Source data
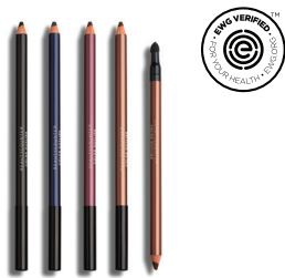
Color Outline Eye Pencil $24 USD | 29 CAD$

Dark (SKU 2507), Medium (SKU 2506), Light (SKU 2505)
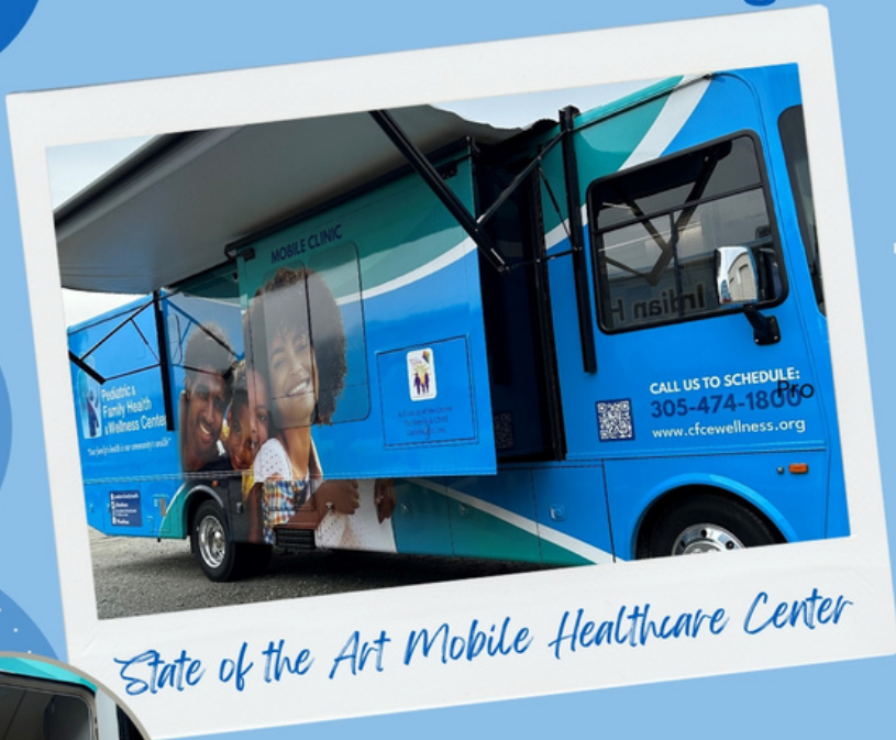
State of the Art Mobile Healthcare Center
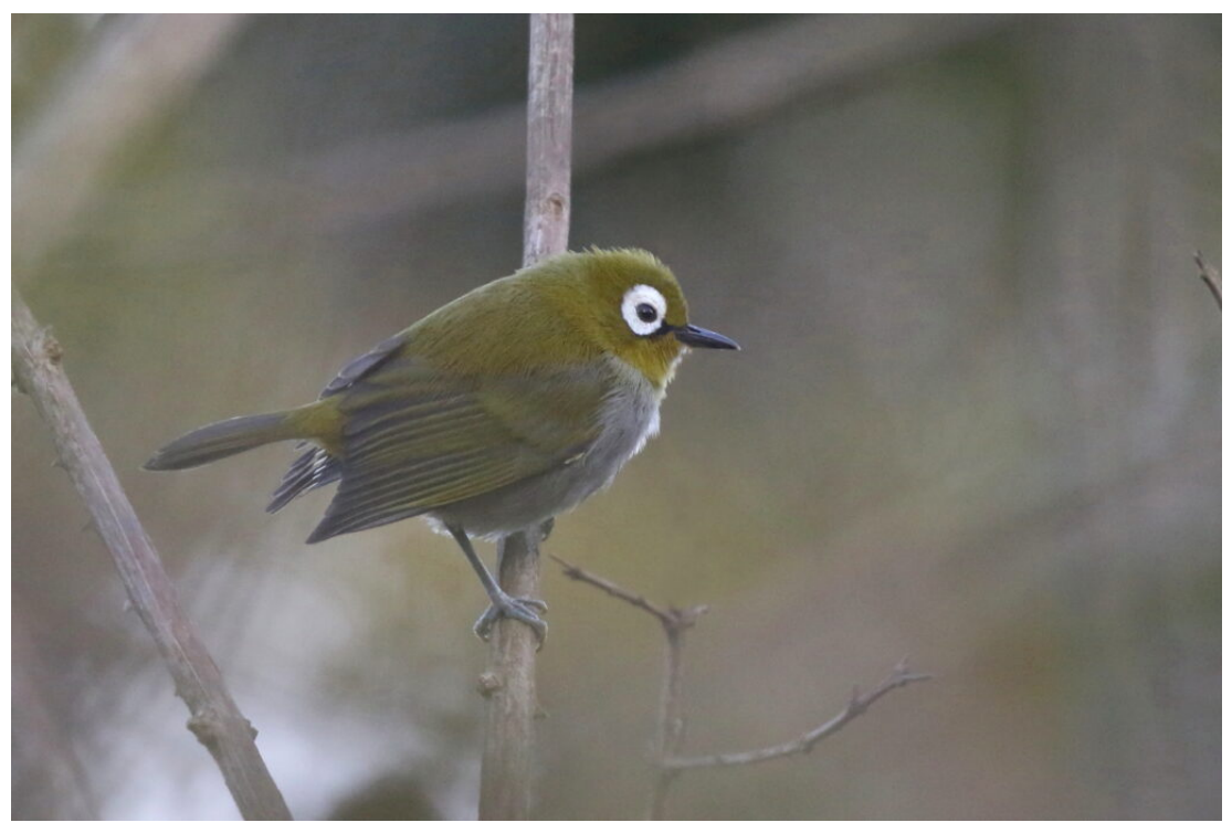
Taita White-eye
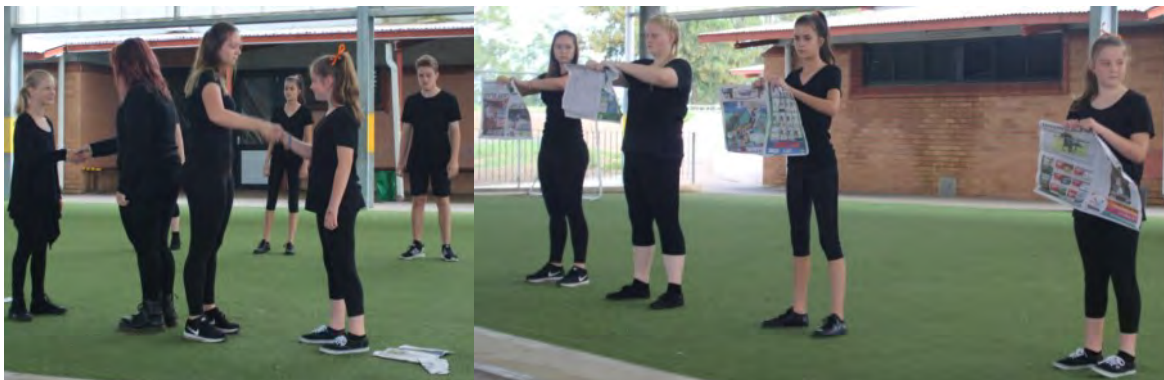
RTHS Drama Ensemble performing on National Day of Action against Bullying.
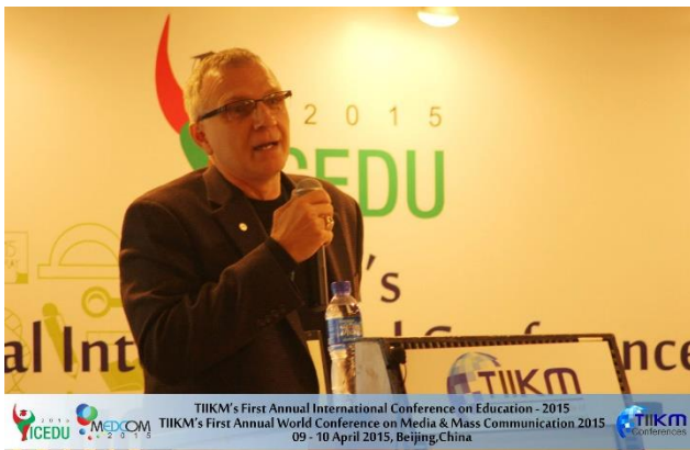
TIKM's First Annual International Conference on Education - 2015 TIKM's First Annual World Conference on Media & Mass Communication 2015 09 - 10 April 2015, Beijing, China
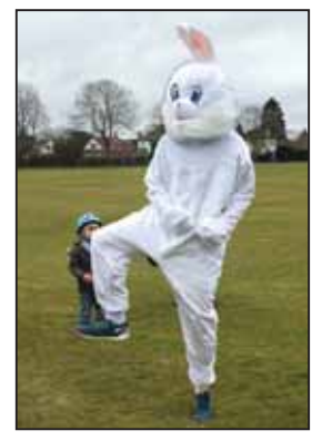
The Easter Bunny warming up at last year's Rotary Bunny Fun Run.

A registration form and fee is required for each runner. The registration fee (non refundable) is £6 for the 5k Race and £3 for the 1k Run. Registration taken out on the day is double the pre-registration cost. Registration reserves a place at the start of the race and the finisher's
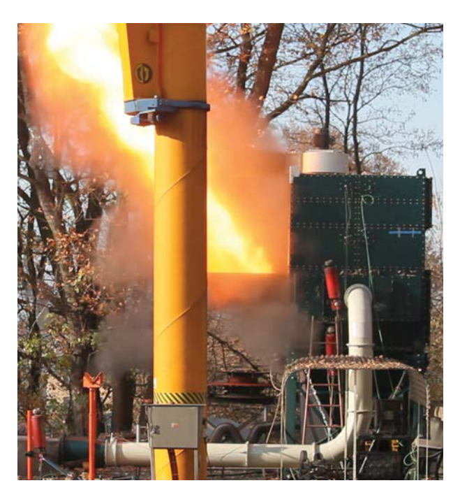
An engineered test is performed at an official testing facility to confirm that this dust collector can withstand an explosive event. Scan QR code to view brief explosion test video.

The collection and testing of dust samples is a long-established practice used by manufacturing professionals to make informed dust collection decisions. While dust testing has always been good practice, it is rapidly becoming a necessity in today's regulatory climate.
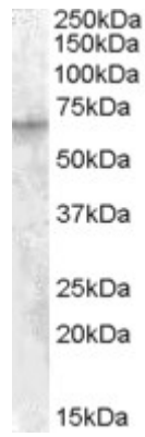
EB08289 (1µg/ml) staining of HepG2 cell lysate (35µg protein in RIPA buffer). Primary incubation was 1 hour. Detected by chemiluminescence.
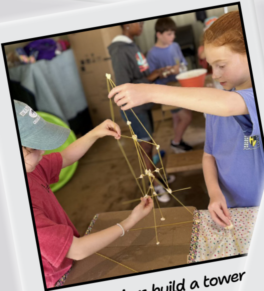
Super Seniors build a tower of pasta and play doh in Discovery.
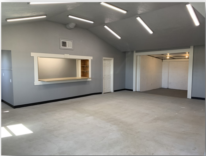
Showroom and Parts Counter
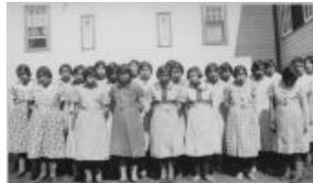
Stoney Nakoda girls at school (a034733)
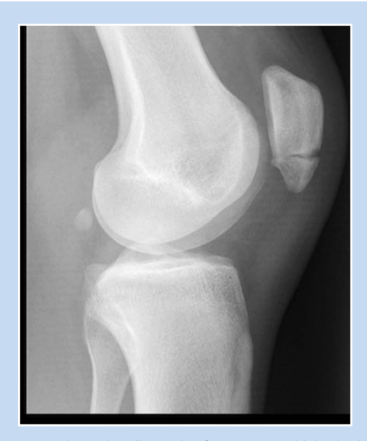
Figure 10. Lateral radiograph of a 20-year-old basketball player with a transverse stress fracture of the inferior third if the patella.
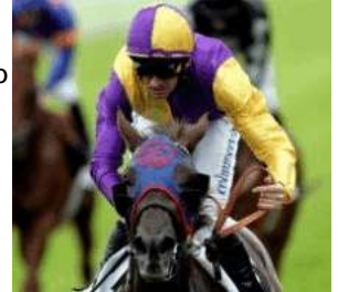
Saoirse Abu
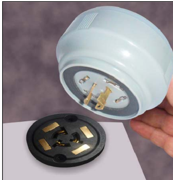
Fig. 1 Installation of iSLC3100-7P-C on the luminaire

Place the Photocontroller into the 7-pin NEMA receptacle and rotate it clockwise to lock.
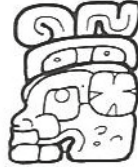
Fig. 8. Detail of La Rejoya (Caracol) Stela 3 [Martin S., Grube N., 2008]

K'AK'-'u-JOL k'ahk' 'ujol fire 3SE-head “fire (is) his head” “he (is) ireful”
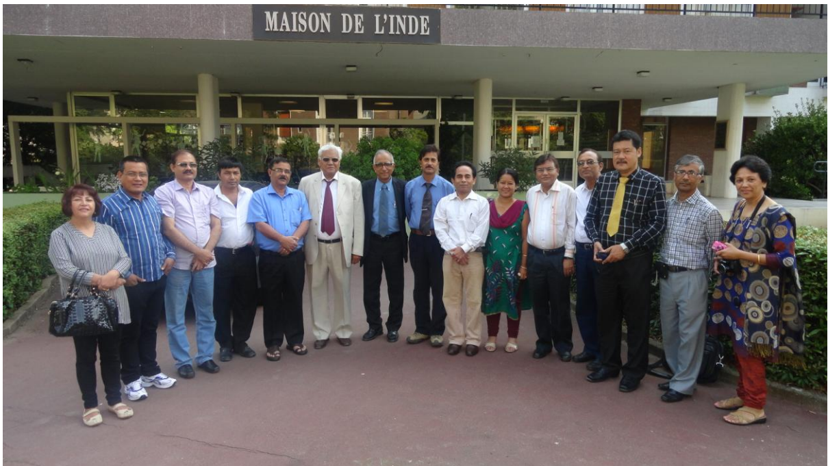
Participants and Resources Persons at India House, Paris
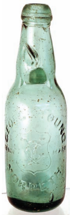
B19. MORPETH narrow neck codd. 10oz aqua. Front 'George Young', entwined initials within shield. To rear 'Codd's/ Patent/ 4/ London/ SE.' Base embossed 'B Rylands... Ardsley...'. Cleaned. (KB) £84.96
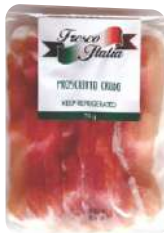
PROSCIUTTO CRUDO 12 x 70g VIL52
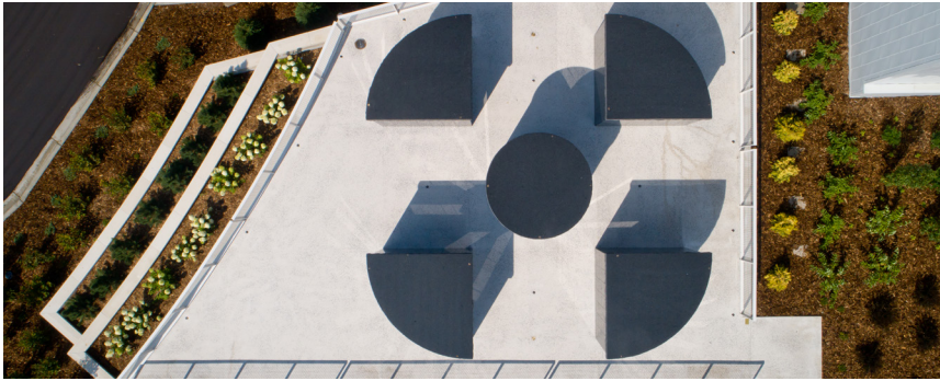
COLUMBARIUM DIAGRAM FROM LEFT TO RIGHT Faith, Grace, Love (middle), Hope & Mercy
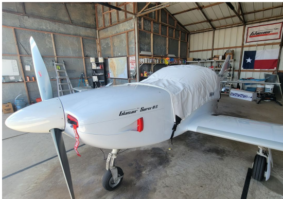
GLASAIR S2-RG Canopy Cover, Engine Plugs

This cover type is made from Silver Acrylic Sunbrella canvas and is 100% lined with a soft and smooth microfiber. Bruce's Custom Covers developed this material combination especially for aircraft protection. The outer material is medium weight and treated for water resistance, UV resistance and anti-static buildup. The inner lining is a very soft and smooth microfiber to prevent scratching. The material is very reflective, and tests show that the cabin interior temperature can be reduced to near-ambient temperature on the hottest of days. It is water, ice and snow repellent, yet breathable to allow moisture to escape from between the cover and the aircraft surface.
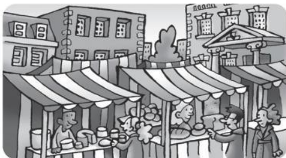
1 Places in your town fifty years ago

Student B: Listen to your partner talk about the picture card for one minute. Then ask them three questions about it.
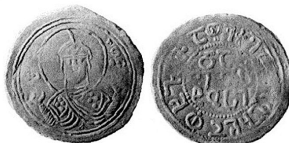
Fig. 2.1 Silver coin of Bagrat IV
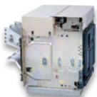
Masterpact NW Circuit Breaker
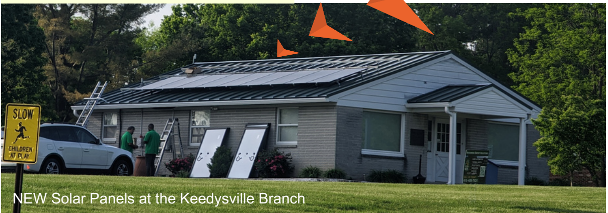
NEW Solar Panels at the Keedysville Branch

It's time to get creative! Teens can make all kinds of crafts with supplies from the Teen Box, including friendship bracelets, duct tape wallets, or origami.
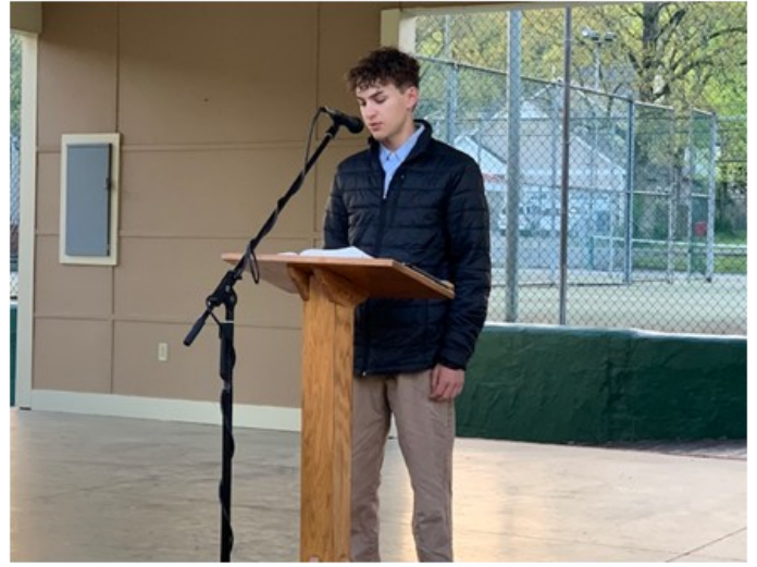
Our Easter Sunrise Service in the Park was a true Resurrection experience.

Problem requirements
Your task is to restate word for word the lines from the top of the data to the line containing "A registration form", both ends included, with every picture left out.

Your solution
Color Outline Eye Pencil $24 USD | 29 CAD$

Dark (SKU 2507), Medium (SKU 2506), Light (SKU 2505)
State of the Art Mobile Healthcare Center
Taita White-eye
RTHS Drama Ensemble performing on National Day of Action against Bullying.
TIKM's First Annual International Conference on Education - 2015 TIKM's First Annual World Conference on Media & Mass Communication 2015 09 - 10 April 2015, Beijing, China
The Easter Bunny warming up at last year's Rotary Bunny Fun Run.

A registration form and fee is required for each runner. The registration fee (non refundable) is £6 for the 5k Race and £3 for the 1k Run. Registration taken out on the day is double the pre-registration cost. Registration reserves a place at the start of the race and the finisher's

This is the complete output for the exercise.